If you know a Roman language and a Germanic language (in addition to English) you can craft sentences that will be understood by many, because of the shared roots and vocabulary.
When you write a sentence you select among synonyms and origin based on how close the word is to its variants in the other languages.
Unfortunately mon Deutsch est too bad pour escribir full paragraphes en cette technik.
Wow, this is beautiful! I love it! Thank you for exposing me to this idea. It really optimizes for the kind of pattern matching most humans are adapted for.
This biases them towards using simple, concrete words that are used in everyday spoken language, despite the fact that many abstract terms and jargon can be very easy to translate, while many terms that are used in everyday language (most notably common idioms) can be very hard to translate, and which concrete terms are used as analogies for abstract concepts can be very culturally specific.

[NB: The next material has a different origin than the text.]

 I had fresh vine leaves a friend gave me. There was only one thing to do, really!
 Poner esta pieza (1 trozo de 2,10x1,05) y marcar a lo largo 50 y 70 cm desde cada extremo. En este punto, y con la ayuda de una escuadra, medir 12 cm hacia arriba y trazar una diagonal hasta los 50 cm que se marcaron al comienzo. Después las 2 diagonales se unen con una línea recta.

To a native English speaker, "I turned the light off" is a perfectly straightforward sentence. To a foreign learner... can you imagine how many different meanings "turn off" can have? (Not to mention "turn" and "light" can both have a gazillion meanings.)
In different places as a student you might: give an exam; take an exam; write an exam; do an exam. Give and take are opposites, and some of these terms can be used for the examiner as well, again with variation between countries, languages and locales.

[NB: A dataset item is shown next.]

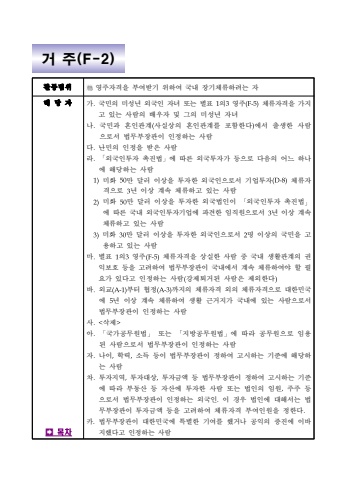 %uac70 %uc8fc(F-2)%ud65c%ub3d9%ubc94%uc704%uc601%uc8fc%uc790%uaca9%uc744 %ubd80%uc5ec%ubc1b%uae30 %uc704%ud558%uc5ec %uad6d%ub0b4 %uc7a5%uae30%uccb4%ub958%ud558%ub824%ub294 %uc790%ud574%ub2f9%uc790%uf000%ubaa9%ucc28%uac00.%uad6d%ubbfc%uc758 %ubbf8%uc131%ub144 %uc678%uad6d%uc778 %uc790%ub140 %ub610%ub294 %ubcc4%ud45c 1%uc7583%uc601%uc8fc(F-5)%uccb4%ub958%uc790%uaca9%uc744 %uac00%uc9c0%uace0%uc788%ub294%uc0ac%ub78c%uc758 %ubc30%uc6b0%uc790 %ubc0f %uadf8%uc758 %ubbf8%uc131%ub144 %uc790%ub140%ub098.%uad6d%ubbfc%uacfc %ud63c%uc778%uad00%uacc4(%uc0ac%uc2e4%uc0c1%uc758 %ud63c%uc778%uad00%uacc4%ub97c %ud3ec%ud568%ud55c%ub2e4)%uc5d0%uc11c %ucd9c%uc0dd%ud55c %uc0ac%ub78c%uc73c%ub85c%uc11c %ubc95%ubb34%ubd80%uc7a5%uad00%uc774 %uc778%uc815%ud558%ub294 %uc0ac%ub78c%ub2e4.%ub09c%ubbfc%uc758 %uc778%uc815%uc744 %ubc1b%uc740 %uc0ac%ub78c%ub77c.%u300c%uc678%uad6d%uc778%ud22c%uc790 %ucd09%uc9c4%ubc95%u300d%uc5d0 %ub530%ub978 %uc678%uad6d%ud22c%uc790%uac00 %ub4f1%uc73c%ub85c %ub2e4%uc74c%uc758 %uc5b4%ub290 %ud558%ub098%uc5d0%ud574%ub2f9%ud558%ub294 %uc0ac%ub78c1)%ubbf8%ud654 50%ub9cc %ub2ec%ub7ec %uc774%uc0c1%uc744 %ud22c%uc790%ud55c %uc678%uad6d%uc778%uc73c%ub85c%uc11c %uae30%uc5c5%ud22c%uc790(D-8)%uccb4%ub958%uc790%uaca9%uc73c%ub85c 3%ub144 %uc774%uc0c1 %uacc4%uc18d %uccb4%ub958%ud558%uace0 %uc788%ub294 %uc0ac%ub78c2)%ubbf8%ud654 50%ub9cc %ub2ec%ub7ec %uc774%uc0c1%uc744 %ud22c%uc790%ud55c %uc678%uad6d%ubc95%uc778%uc774 %u300c%uc678%uad6d%uc778%ud22c%uc790 %ucd09%uc9c4%ubc95%u300d%uc5d0%ub530%ub978 %uad6d%ub0b4 %uc678%uad6d%uc778%ud22c%uc790%uae30%uc5c5%uc5d0 %ud30c%uacac%ud55c %uc784%uc9c1%uc6d0%uc73c%ub85c%uc11c 3%ub144 %uc774%uc0c1 %uacc4%uc18d %uccb4%ub958%ud558%uace0 %uc788%ub294 %uc0ac%ub78c3)%ubbf8%ud654 30%ub9cc %ub2ec%ub7ec %uc774%uc0c1%uc744 %ud22c%uc790%ud55c %uc678%uad6d%uc778%uc73c%ub85c%uc11c 2%uba85 %uc774%uc0c1%uc758 %uad6d%ubbfc%uc744 %uace0%uc6a9%ud558%uace0 %uc788%ub294 %uc0ac%ub78c%ub9c8.%ubcc4%ud45c 1%uc7583%uc601%uc8fc(F-5)%uccb4%ub958%uc790%uaca9%uc744 %uc0c1%uc2e4%ud55c %uc0ac%ub78c %uc911 %uad6d%ub0b4 %uc0dd%ud65c%uad00%uacc4%uc758 %uad8c%uc775%ubcf4%ud638 %ub4f1%uc744 %uace0%ub824%ud558%uc5ec %ubc95%ubb34%ubd80%uc7a5%uad00%uc774 %uad6d%ub0b4%uc5d0%uc11c %uacc4%uc18d %uccb4%ub958%ud558%uc5ec%uc57c %ud560 %ud544%uc694%uac00%uc788%ub2e4%uace0 %uc778%uc815%ud558%ub294 %uc0ac%ub78c(%uac15%uc81c%ud1f4%uac70%ub41c %uc0ac%ub78c%uc740 %uc81c%uc678%ud55c%ub2e4)%ubc14.%uc678%uad50(A-1)%ubd80%ud130 %ud611%uc815(A-3)%uae4c%uc9c0%uc758 %uccb4%ub958%uc790%uaca9 %uc678%uc758 %uccb4%ub958%uc790%uaca9%uc73c%ub85c %ub300%ud55c%ubbfc%uad6d%uc5d05%ub144 %uc774%uc0c1 %uacc4%uc18d %uccb4%ub958%ud558%uc5ec %uc0dd%ud65c %uadfc%uac70%uc9c0%uac00 %uad6d%ub0b4%uc5d0 %uc788%ub294 %uc0ac%ub78c%uc73c%ub85c%uc11c %ubc95%ubb34%ubd80%uc7a5%uad00%uc774 %uc778%uc815%ud558%ub294 %uc0ac%ub78c%uc0ac.<%uc0ad%uc81c>%uc544.%u300c%uad6d%uac00%uacf5%ubb34%uc6d0%ubc95%u300d%ub610%ub294 %u300c%uc9c0%ubc29%uacf5%ubb34%uc6d0%ubc95%u300d%uc5d0 %ub530%ub77c %uacf5%ubb34%uc6d0%uc73c%ub85c %uc784%uc6a9%ub41c %uc0ac%ub78c%uc73c%ub85c%uc11c %ubc95%ubb34%ubd80%uc7a5%uad00%uc774 %uc778%uc815%ud558%ub294 %uc0ac%ub78c%uc790.%ub098%uc774,%ud559%ub825,%uc18c%ub4dd %ub4f1%uc774 %ubc95%ubb34%ubd80%uc7a5%uad00%uc774 %uc815%ud558%uc5ec %uace0%uc2dc%ud558%ub294 %uae30%uc900%uc5d0 %ud574%ub2f9%ud558%ub294%uc0ac%ub78c%ucc28.%ud22c%uc790%uc9c0%uc5ed,%ud22c%uc790%ub300%uc0c1,%ud22c%uc790%uae08%uc561 %ub4f1 %ubc95%ubb34%ubd80%uc7a5%uad00%uc774 %uc815%ud558%uc5ec %uace0%uc2dc%ud558%ub294 %uae30%uc900%uc5d0%ub530%ub77c %ubd80%ub3d9%uc0b0 %ub4f1 %uc790%uc0b0%uc5d0 %ud22c%uc790%ud55c %uc0ac%ub78c %ub610%ub294 %ubc95%uc778%uc758 %uc784%uc6d0,%uc8fc%uc8fc %ub4f1%uc73c%ub85c%uc11c%ubc95%ubb34%ubd80%uc7a5%uad00%uc774 %uc778%uc815%ud558%ub294 %uc678%uad6d%uc778.%uc774 %uacbd%uc6b0 %ubc95%uc778%uc5d0 %ub300%ud574%uc11c%ub294 %ubc95%ubb34%ubd80%uc7a5%uad00%uc774%ud22c%uc790%uae08%uc561 %ub4f1%uc744 %uace0%ub824%ud558%uc5ec %uccb4%ub958%uc790%uaca9 %ubd80%uc5ec%uc778%uc6d0%uc744 %uc815%ud55c%ub2e4.%uce74. %ubc95%ubb34%ubd80%uc7a5%uad00%uc774 %ub300%ud55c%ubbfc%uad6d%uc5d0 %ud2b9%ubcc4%ud55c %uae30%uc5ec%ub97c %ud588%uac70%ub098 %uacf5%uc775%uc758 %uc99d%uc9c4%uc5d0 %uc774%ubc14%uc9c0%ud588%ub2e4%uace0 %uc778%uc815%ud558%ub294 %uc0ac%ub78c

If without context you said “give an exam” in India you’d mean you were the student performing an exam, but if you said “give an exam” in Australia it’d probably sound a little odd but indicate you were the lecturer presenting an exam to your students. Similarly with “write an exam”: in India that sounds perfectly normal and indicates you’re the student, performing the exam; but in Australia it sounds perfectly normal and means you’re the examiner, preparing the exam.
(Also, I hope you're not turned off by my remarks. Or turned on. That would be awkward.)

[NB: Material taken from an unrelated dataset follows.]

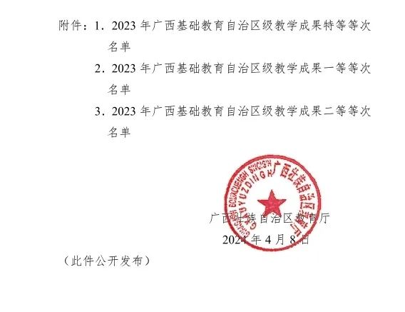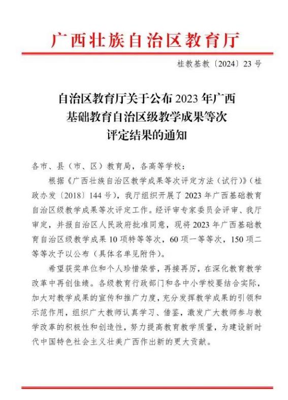 根据《自治区教育厅关于公布2023年广西基础教育自治区级教学成果等次评定结果的通知》(桂教基教〔2024〕23号)文件精神,我校在2023年广西基础教育自治区级教学成果奖评选中取得了优异成绩。其中,我校作为第一主要完成单位,由李小敏老师牵头完成的教学成果《觉知文化,涵育素养:普通高中技术课程思政育人的探索与实践》获评二等等次。我校作为第二主要完成单位,由卢红青、曾霄令、谢月等3位老师与校外教学团队共同参与的教学成果《基于生命情感教育的幼儿园“绘本戏剧”课程的探索实践》获评二等等次。

It's fun to think about how we sit down, we sit up, we stand down, we stand up, we lie down, we don't lie up. Except according to Merriam-Webster, who claims that we do when we stay in bed. (https://www.merriam-webster.com/dictionary/lie%20up)
"She had obviously not slept, the events of the previous day being so disturbing. 'You were lying up all night,' I said the next morning."
The sun has this property, so we open and close the blinds / curtains to regulate light flow.
Small step from there to electric lights.
I wonder if this is a more natural metaphor.
My wife grew up in Tamil Nadu, India - and English was her primary language growing up. When we travel, her English is infinitely easier for people to understand than mine, despite how hard I try. (In India, especially, but elsewhere too.) I think, "speak simply, deliberately, clearly, not-quickly" and get blank stares. She can mumble and speak quickly - comprehension is instantaneous.
Some things are obvious, like your example of modifying word order. Front-loading objects in sentences seems critical for understanding. Hindi and Tamil are both subject-object-verb languages, though I'm not convinced this is the reason it works, and suspect it's more universal than that.
Her pronunciation also changes dramatically. It doesn't feel so much as speaking broken English as being fluent in a local pidgin. After a while, sentences like "Ma, what you take?" start to sound so natural that I catch myself doing it unconsciously.
Sounds like your idea for a constructed language specifically designed for translation might be a good one. Maybe it could even help improve the accuracy of machine translation?
Controlled languages try to solve this with constraints. There is quite a bit of researcha round this topic: https://scholar.google.de/scholar?q=controlled+language+tran...
I regularly struggle to (1) find language to explain concepts that doesn't require strong fluency in English and (2) to recognize if I've achieved number 1.
Academic code often used to be under licenses like this, though it's much less common now.
p.s. Is there any truth to the story that many decades ago, an early machine translator, going from English to Chinese and back again, rendered "Out of sight, out of mind" as "Invisible idiot"?